The 10-bit address fields are communicated to deserializer 575 on memory 610 after some channel delay, and are serialized to recover the 20-bit row and column address fields R and C. Due to the offset imposed on generator 515 during initialization, pad values 4-7 used to encrypt the address fields are available from register 560 at the correct timing for recovering the address information. Read address Raddr-80 is therefore recovered at time T3 on memory 610.
Memory core 175 delivers 256 bits of data responsive to read address Raddr-80, at time T4 in this example. Serializer 620 converts the read data to successive 64-bit subsets Rdata-64 that begin at time T5 and are encrypted using pad values sixteen through nineteen (16-19). Serializer 545 then serializes encrypted read data Rdata-64 to produce 32-bit data DQ-32 for conveyance to controller 605.
In this example encrypted data DQ-32 arrives at the controller side at time T6. Deserializer 630 halves the data rate and produces four consecutive fields of encrypted 64-bit data Rdata-64 synchronized with pad values twenty-eight through thirty-one (28-31).

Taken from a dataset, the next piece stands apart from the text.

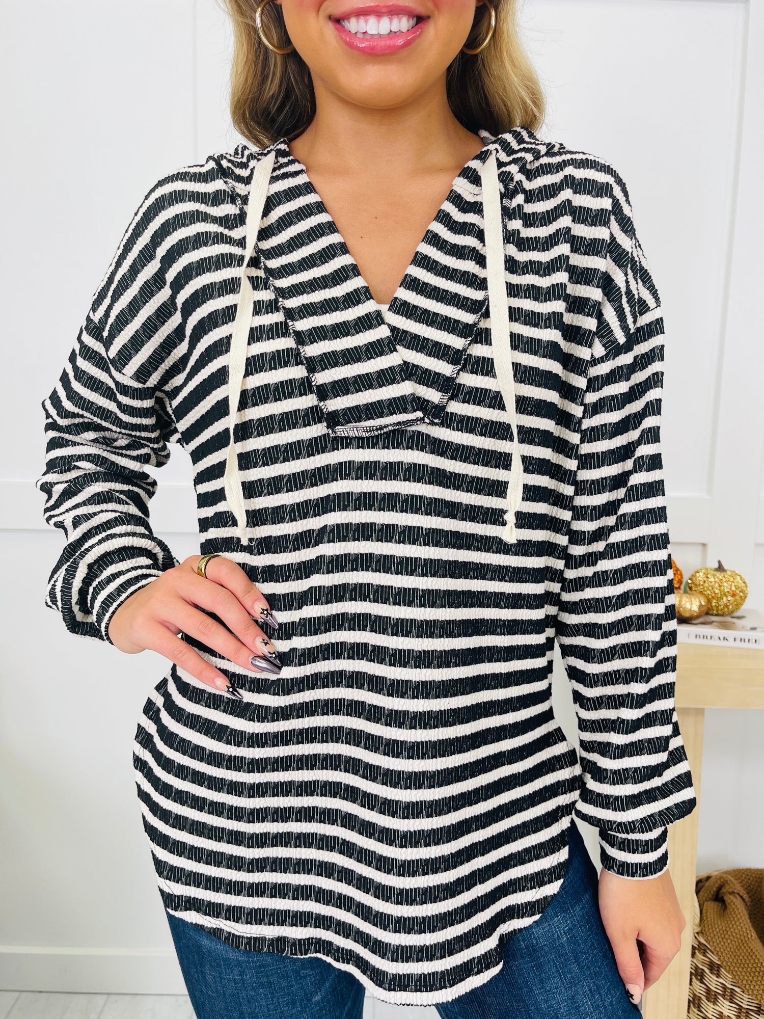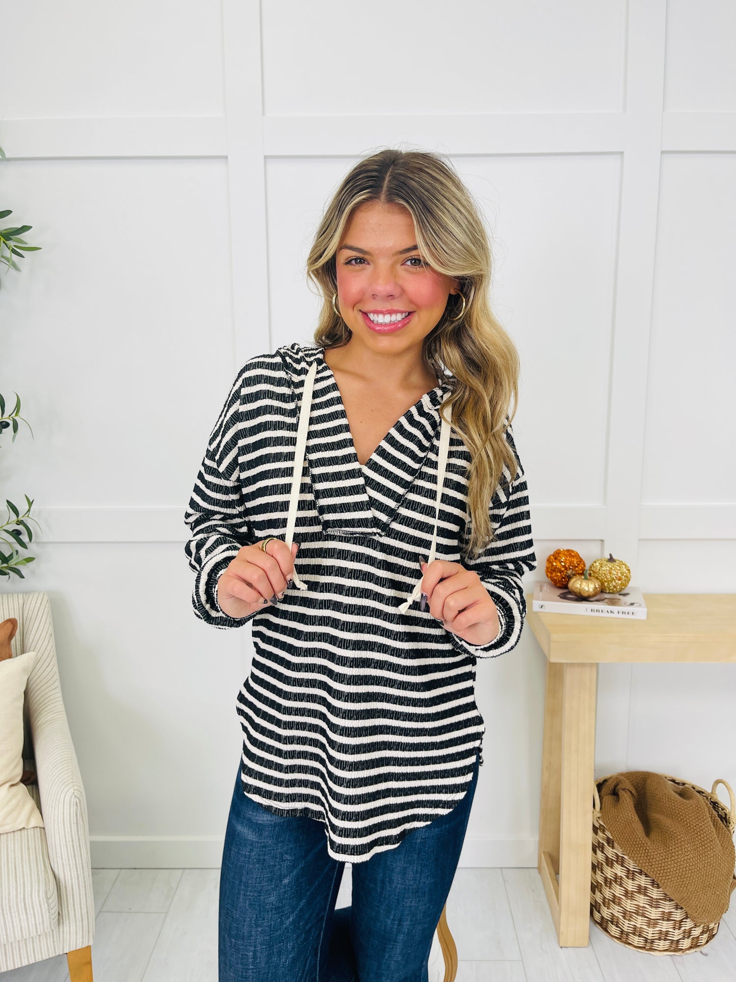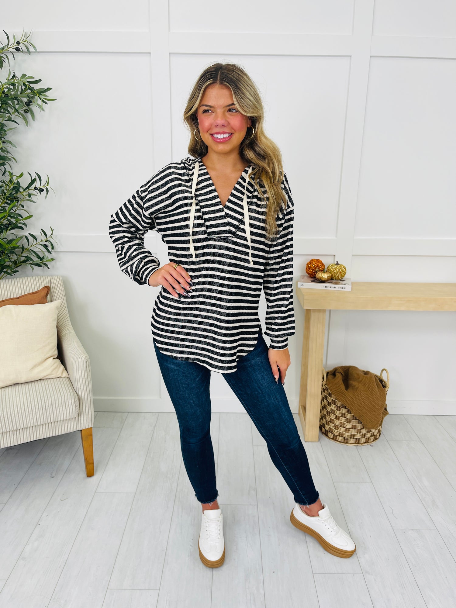 With a relaxed fit and soft fabric, this top features classic black and cream stripes that add a chic, timeless vibe to your look. Finished with a drawstring hood and slightly tapered sleeves, this split neck hoodie is ready to pair with your favorite jeans or leggings for a laid-back yet polished outfit.

Recalling that the data was encrypted at memory 610 using pad values sixteen through nineteen, the waveform diagram shows that pad generator 515 has advanced twelve pad values past the requisite sequence for decrypting data Rdata-64. Pipeline 640 is configured to retard application of pad values to XOR gate 525 by twelve values to establish the correct timing alignment. Other circuit configurations can be used to produce the correct timing alignment between read data and pad values in other embodiments. For example, one or more pad buffers on memory 610 can be used to retard address pad values relative to data pad values.
FIG. 8 depicts a memory system 800 in accordance with an embodiment in which shared security resources are used to secure both write and read data shared between a controller 805 and a memory 810. System 800 is similar to the systems detailed previously in connection with FIGS. 5-7, with like-identified elements being the same or similar. Controller 805 includes a pad-value pipeline 815 that introduces a delay in the pad values applied to read data relative to those applied to write data. This delay allows the shared security resources to support rapid read/write turn-around times without reusing pad values. The reuse of pad values for read/write turn-arounds would create security vulnerabilities, and is therefore undesirable.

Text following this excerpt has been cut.